The fact that there are hundreds of cryptocurrencies created all the damn time that aren't overtaking bitcoin proves my point. If you replace the word "business" with "cryptocurrency" in your last paragraph, it still holds true. A good cryptocurrency needs to provide a benefit, and in bitcoin's case (at least to me) that benefit is decentralization, "push based" payments, the ability to be your own bank, a network of users and vendors that trust and use it, and not needing to trust anyone to transact with them using it.

> Why do you think it "costs nothing" to create a successful crypto-token?

Because "success" for a crypto-token requires near zero effort from the entity deploying the ledger, all that is necessary is to rebrand forked code and pump enough hype into it so that people start buying it. The billion dollar ICO phenomenon is a concrete example of exactly what I'm referring to and that's just one blockchain with a second layer of abstraction on top. If Donald Trump forked litecoin tomorrow and told all his followers to buy the best cryptocurrency ever and that bitcoin was a fake-news token supported by the Obamas, Trump-Coin would be within the top 5 crypto-tokens literally over night.

> I can create a business with a hundred dollars and a trip to the local government building

And if Trump went on TV and pumped that business every day for a year, it would be a certain failure because a "business" is not a clerical detail that you can effortlessly replicate by filing paperwork with the government, it's an organization that embodies the implementation of a concrete business process, it requires that the business owner actually do something.

> the network, the users, the trust, the amount of hardware and software written for it, the number of implementations, the amount of acceptance at vendors, the number of reputable exchanges, and the amount of decentralization

Right... but there is nothing marrying any of that to any specific implementation of a compatible blockchain, this was particularly apparent with the BTC vs BCH fork where companies didn't even know whether or not they should recognize the new ledger that was instantly created out of thin air... but ultimately they decided they would recognize it and suddenly there is "double" the total amount of bitcoin that existed previously. These kind of things can't happen with a business because you can't instantly fork a functioning business with 5 minutes and a PR.
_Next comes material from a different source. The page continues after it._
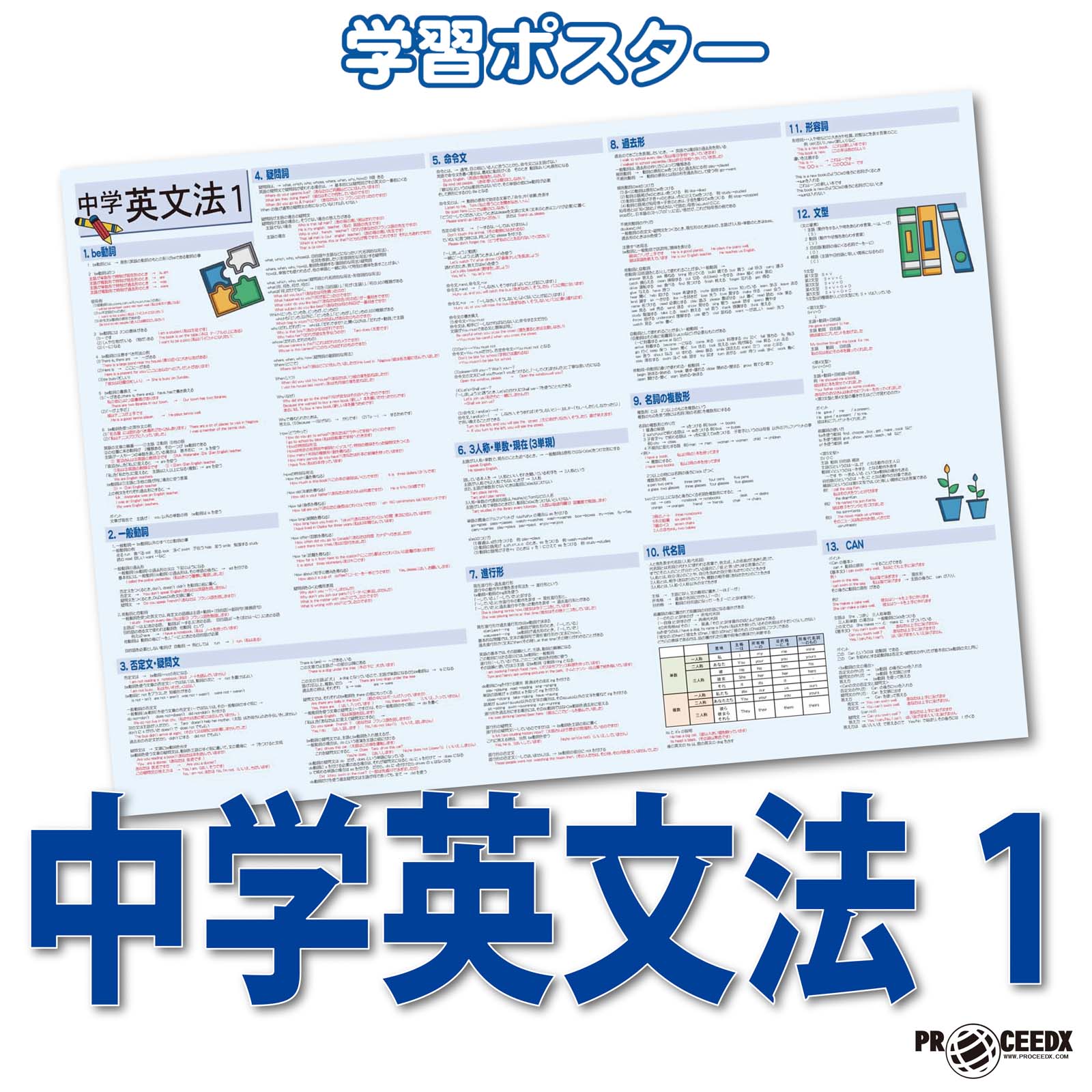 proceedx 学習ポスター 0283 中学英文法1 送料無料 折り目無し送付 勉強部屋 教室 壁掛け 中学

You need to do some more research, because the way you describe things is not how they really are.

The success of a crypto requires much more than just forking and publishing, it's not just hype based except for the scams and fly-by-night operations.

And there aren't "double" the Bitcoin any more than a photocopy of dollar bill doubles the amount of money in circulation.

There is a new cryptocurrency called Bitcoin Cash, but that is not the same as Bitcoin. Just because they have similar names doesn't make then the same, just because they come from the same codebase doesn't make them the same.

Unless you also think that creating a successful browser is just hitting fork and publish, or creating a successful operating system is just hitting fork and publish, or creating a new Facebook is just copying the functionality.

If it's really that easy, then please take over Bitcoin yourself, as there are literally hundreds of billions of dollars to be made here, surely if it's that easy you can handle it?